WARE v. The STATE.
Gregory Ware appeals, pro se, from the trial court's order denying his motion for an out-of-time appeal. In related enumerations of error, he contends that the trial court erred by failing to inquire into whether his right to an out-of-time appeal was lost due to ineffective assistance of counsel, that his claims can be resolved by facts contained in the record, and that his plea counsel's performance was deficient in failing to challenge the validity of the indictment. For the reasons explained below, we reverse and remand this case with direction.
The record shows that Ware pleaded guilty to kidnapping, aggravated assault, and terroristic threats, and his sentence was entered on August 9, 2004. On September 2, 2004, Ware filed a pro se notice of appeal in which he asserted ineffective assistance of counsel in the trial court and asked for an appointed appellate attorney because he was indigent. For reasons unknown, the Richmond County Superior Court Clerk's office did not transmit the notice of appeal and record to this court.
While the pro se notice of appeal may not have been perfect in form, see OCGA § 5–6–37, it sufficiently identified the judgment appealed from and should have been acted upon. See Brumby v. State, 264 Ga. 215, 217–218(2) (443 S.E.2d 613) (1994); OCGA § 5–6–48(f) (“Where it is apparent from the notice of appeal, the record, the enumeration of errors, or any combination of the foregoing, what judgment or judgments were appealed from or what errors are sought to be asserted upon appeal, the appeal shall be considered in accordance therewith notwithstanding that the notice of appeal fails to specify definitely the judgment appealed from or that the enumeration of errors fails to enumerate clearly the errors sought to be reviewed.”) Additionally, there is no indication in the record that the appeal was dismissed or withdrawn. Instead, Ware has attempted to obtain a review of alleged error in the trial court through two motions for an out-of-time appeal and a habeas corpus proceeding. The appeal presently before us involves the denial of Ware's second motion for an out-of-time appeal.

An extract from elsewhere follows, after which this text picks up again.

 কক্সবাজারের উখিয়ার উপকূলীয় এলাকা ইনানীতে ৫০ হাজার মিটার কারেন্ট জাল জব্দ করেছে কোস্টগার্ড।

As held by the Supreme Court of Georgia in a case involving similar facts, the timely direct appeal that was never acted upon by the trial court clerk “remains pending.” Wetherington v. State, ––– Ga. –––– Case No. S14A0528, decided May 5, 2014). “That pending appeal acts as a supersedeas, depriving the trial court of the power to effect the judgment appealed.”1 (Citation and punctuation omitted.) Id. The trial court therefore “lacked jurisdiction to rule” on Ware's motion for an out-of-time appeal, because it involves the same judgment of conviction that was challenged in his September 2, 2004 notice of appeal. Id. In accordance with the Supreme Court's opinion in Wetherington, we reverse the trial court's order denying Ware's motion for an out-of-time appeal because it “is a mere nullity.” (Citation omitted.) Id.

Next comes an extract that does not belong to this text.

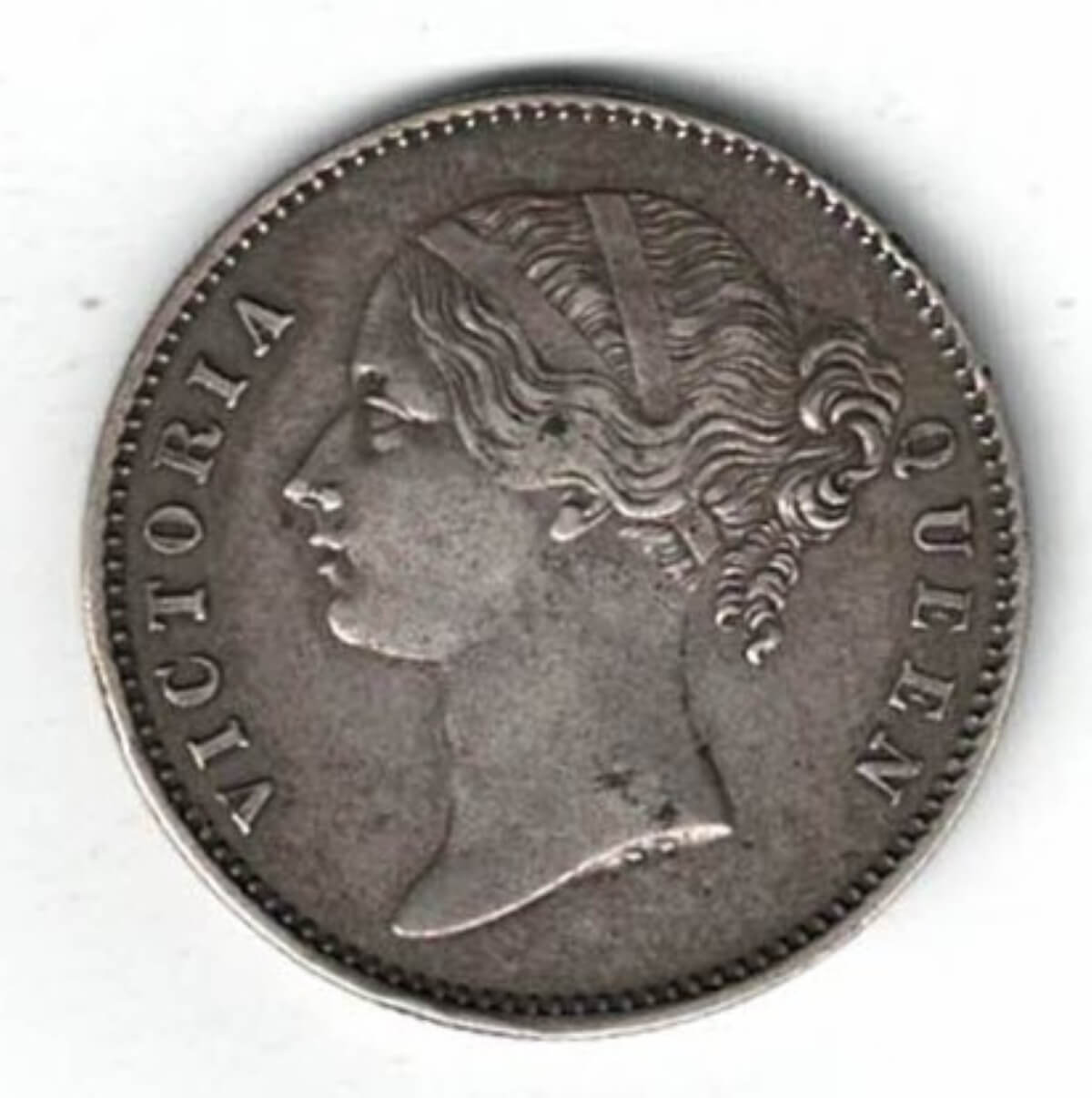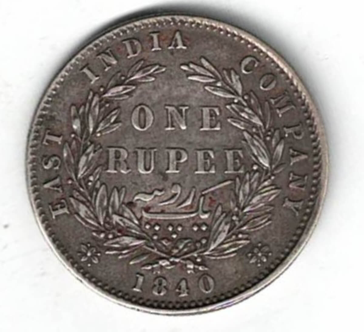 1840 India Silver One Rupee Coin. The obverse side of this coin features the portrait of Queen Victoria. The reverse features the denomination.1840 C India Silver One Rupee Coin

Upon receipt of the remittitur in this case, the trial court should rule upon Ware's September 2, 2004 request for appointed appellate counsel, order the defendant to serve the September 2, 2004 notice of appeal upon the State, and require the clerk's office to act upon the September 2, 2004 notice of appeal.
Judgment reversed and case remanded with direction.
1. While the notice of appeal lacked a certificate of service, the failure to include a certificate of service does not subject an appeal to dismissal. See OCGA § 5–6–48(a) (“Failure of any party to perfect service of any notice or other paper hereunder shall not work dismissal; but the trial and appellate courts shall at any stage of the proceeding require that parties be served in such manner as will permit a just and expeditious determination of the appeal․”); Ward v. Ward, 115 Ga.App. 778, 781(1) (156 S.E.2d 210) (1967) (failure to serve copy of notice of appeal is not a ground of dismissal). The General Assembly enacted the Appellate Practices Act of 1965 to “trend away from highly technical rules of practice,” In re Norris, 154 Ga.App. 173, 174(1) (267 S.E.2d 788) (1980), and the Act expressly provides that it “s hall be liberally construed so as to bring about a decision on the merits of every case appealed and to avoid dismissal of any case․) (Emphasis supplied.) OCGA § 5–6–30. To the extent the Supreme Court of Georgia's opinion in Bull v. Bull, 243 Ga. 72, 73(4) (252 S.E.2d 494) (1979), may conflict with OCGA § 5–6–48(a), the statute controls. Georgia Investment Co. v. Norman, 229 Ga. 160, 162 (190 S.E.2d 48) (1972) (on motion for rehearing). We therefore conclude that the lack of a certificate of service does not preclude this court from considering the September 2, 2004 notice of appeal as still pending based upon the Supreme Court's recent decision in Wetherington v. State, ––– Ga. –––– (Case No. S14A0528, decided May 5, 2014).
BRANCH, J., concurs.BARNES, P. J., concurs in the judgment only.